If you’re buying equipment on finance while also negotiating an AllPAAP GSA for working capital, coordinate timing and PPSR registrations carefully to avoid priority surprises.
Buying Or Selling A Business With Existing GSAs
In business sales, buyers and financiers will search the PPSR against the target entity. Any registered GSAs will need to be discharged or otherwise addressed before completion. Plan early for discharge conditions and lead times so settlements aren’t delayed by last‑minute PPSR issues.
Do You Always Need A GSA?
No. For small facilities or discrete assets, a specific security interest may be enough.

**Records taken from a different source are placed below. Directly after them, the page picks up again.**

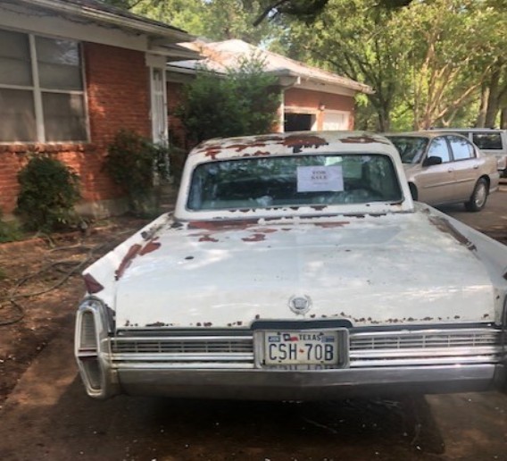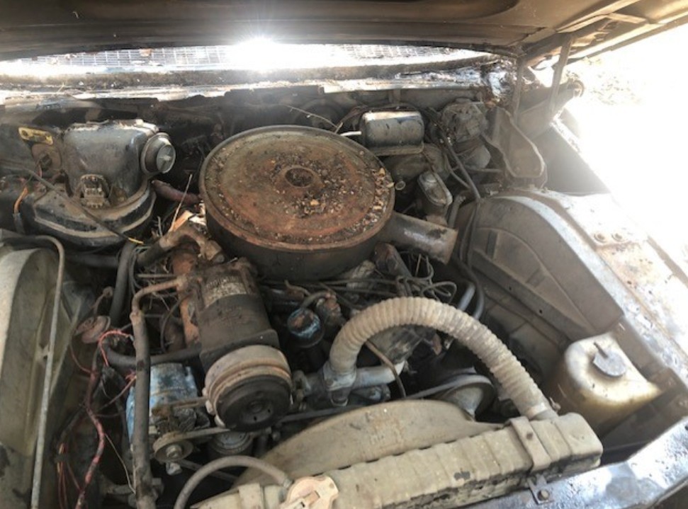 Though reported mileage on this Caddy is under 52,000, we’re told the engine was completely rebuilt in 1989 with maybe 25,000 miles added since. It was running 15 years ago but will need some coaxing to do so again. A battery and a starter are needed for certain, followed by tires, hoses and belts, a tune-up, and the like. That’s just to get it back on the road. Under the hood resides Cadillac’s big 429 cubic inch V8 with a TH-400 automatic transmission.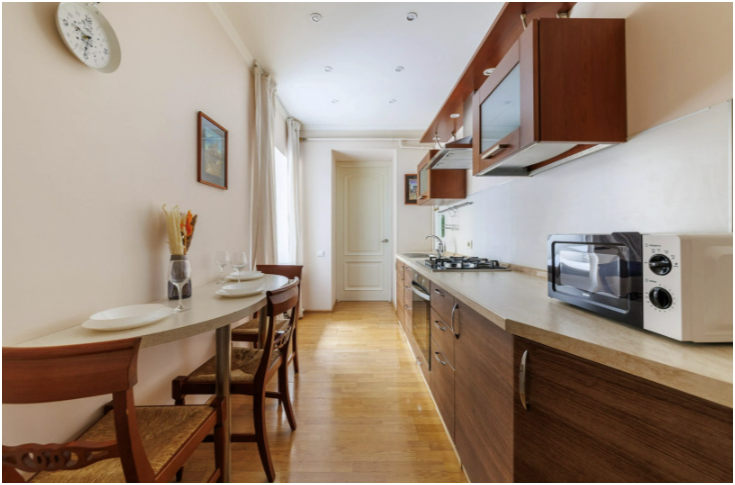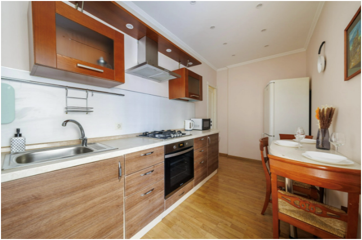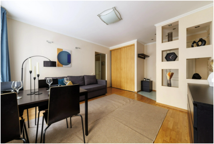 Две изолированные спальни, гостиная, отдельная кухня, раздельный сан. узел с душем и ванной.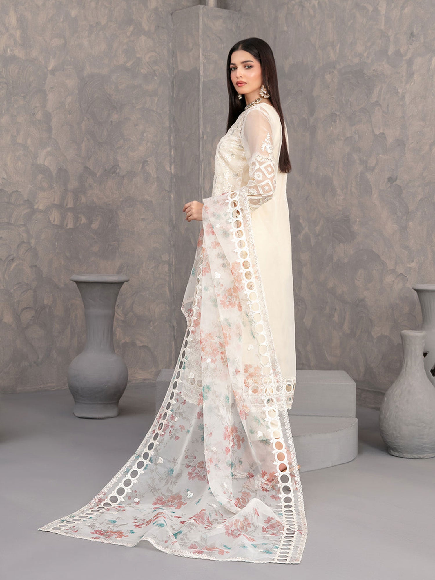 Tawakkal "Dilkash" Heavy Embroidered Organza Suit (D4273) - Light Cream

But for larger or revolving facilities, lenders usually require an AllPAAP GSA because it’s simpler to administer and provides broader coverage if there’s a default.

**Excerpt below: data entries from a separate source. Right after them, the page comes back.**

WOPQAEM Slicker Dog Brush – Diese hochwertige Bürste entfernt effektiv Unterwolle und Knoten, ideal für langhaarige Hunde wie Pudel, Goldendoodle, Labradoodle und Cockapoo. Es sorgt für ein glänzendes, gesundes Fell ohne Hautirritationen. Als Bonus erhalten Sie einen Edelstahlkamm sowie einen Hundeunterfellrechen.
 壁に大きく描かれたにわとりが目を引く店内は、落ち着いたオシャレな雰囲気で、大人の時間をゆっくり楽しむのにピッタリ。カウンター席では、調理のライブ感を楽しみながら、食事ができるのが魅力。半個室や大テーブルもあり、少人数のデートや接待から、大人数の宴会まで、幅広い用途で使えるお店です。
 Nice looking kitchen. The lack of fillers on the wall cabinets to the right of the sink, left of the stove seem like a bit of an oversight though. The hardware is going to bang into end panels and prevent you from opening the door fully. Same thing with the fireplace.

If you’re unsure what’s appropriate, start by mapping your funding needs, assets and future plans - then tailor the security to fit those goals without unnecessarily constraining your operations.
Key Takeaways
- A General Security Agreement (GSA) lets a lender take security over some or all of your company’s personal property to secure a loan or other obligations under the PPSA framework.
- Perfection is commonly achieved by PPSR registration, but the PPSA also recognises perfection by possession or control for certain collateral; timely, accurate registrations help lock in priority.
- Read the collateral scope, covenants and events of default closely, and make sure the terms are practical for your day‑to‑day operations and growth plans.
- On default, the usual enforcement step for a secured lender under a GSA is appointing a receiver to take control of secured assets; administrators are typically appointed by the company (or in limited cases by secured creditors).
- Consider alternatives like specific security interests, PMSIs or bank guarantees where a broad AllPAAP GSA would unnecessarily restrict flexibility.
- Coordinate your Loan Agreement, corporate approvals and PPSR filings, and plan early for discharges on repayment to avoid settlement delays.